Delete if P.A. cover for unnamed pillion/side car passenger is not taken. The Capital Sum Insured (CSI) per passenger is to be inserted. 20. According to the Appellant Insurance Company the terms and conditions as stipulated in the standard form were also terms and conditions in the policy issued to the Respondent owner. Therefore, IMT-18 is also applicable in the instance case, which provides for liability of the Insurance Company in respect of the personal accident relating to any unnamed pillion/side car passenger as 100%. However, such liability may be made limited to certain amount as stipulated in the first proviso to IMT-18 as noticed above. But in the instant case, whether there is any contract between the Insurance Company and the owner, limiting the insurer's liability, is not known as the Insurance Company, in spite of the opportunity given to produce the office copy of the police of insurance containing the terms and conditions of the policy kept by it for their record (it being a bilateral contract), has failed to produce the same.
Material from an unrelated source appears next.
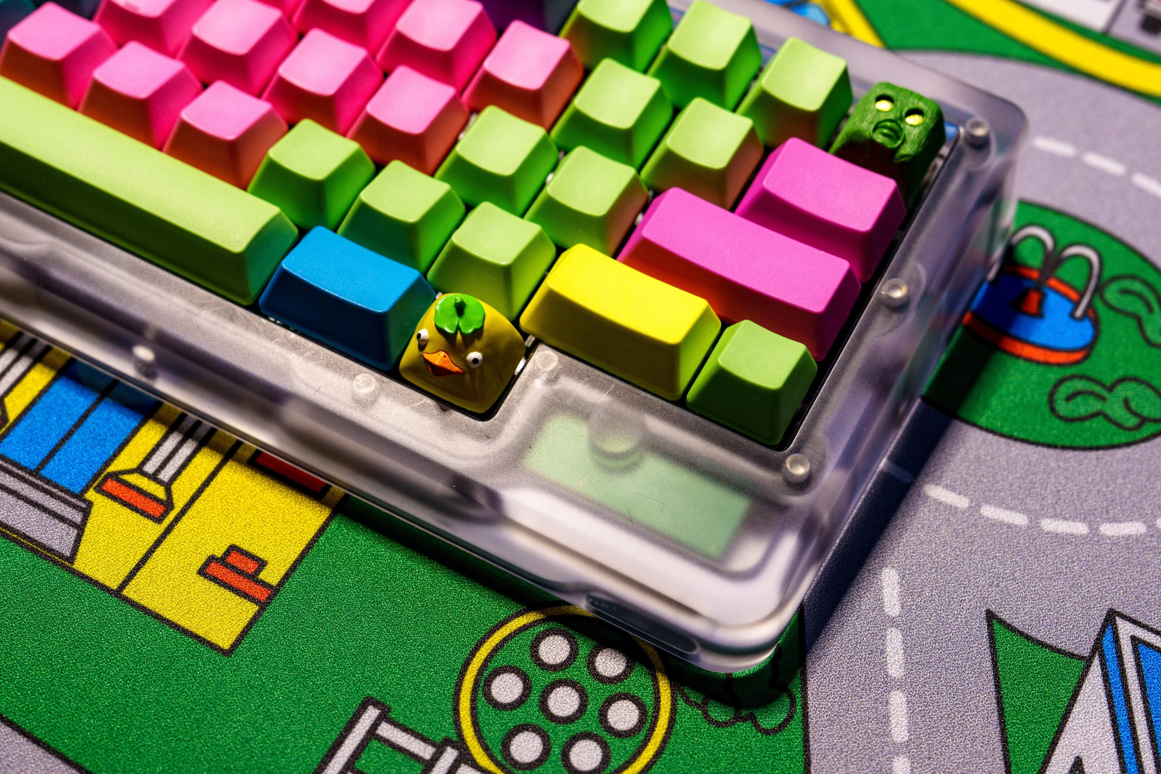 As for the keyboard, that’s a Norbauer Heavy Grail Ghost of Christmas Future edition, which was of course a limited release that’s long sold out. I’m sure there are other transparent bodies out there, but good luck finding a bug-eyed, duck-faced keycap.

The explanation sought to be given in the application filed in Misc. Case No. 2475/2008, cannot be accepted being not believable. It is strange and not believable that the Insurance Company did not keep duly filled up terms and condition of the policy along with the policy docket. If they do not keep that, they are to suffer. The Insurance Company, in fact, though filed the certificate of insurance along with the policy schedule, did not file the copy of the policy, as noticed above, which is different from the certificate of insurance. In the absence of any proof limiting the liability in the contract of insurance as envisaged in the IMT-18, it is to be presumed that the liability of the Insurance Company is 100% in the instant case as the claimant has suffered permanent total disablement and paid extra premium of Rs.120/-. Merely because the figures "2 × 1,00,000" has been mentioned against the premium paid towards personal accident benefit, it cannot conclusively be held that the limits of liability of the Insurance Company in respect of the pillion rider has been limited to Rs.1,00,000/-, for the reasons recorded above. 21. The appeal filed by the Insurance Company, therefore, fails being devoid of merits. No costs. Appeal dismissed.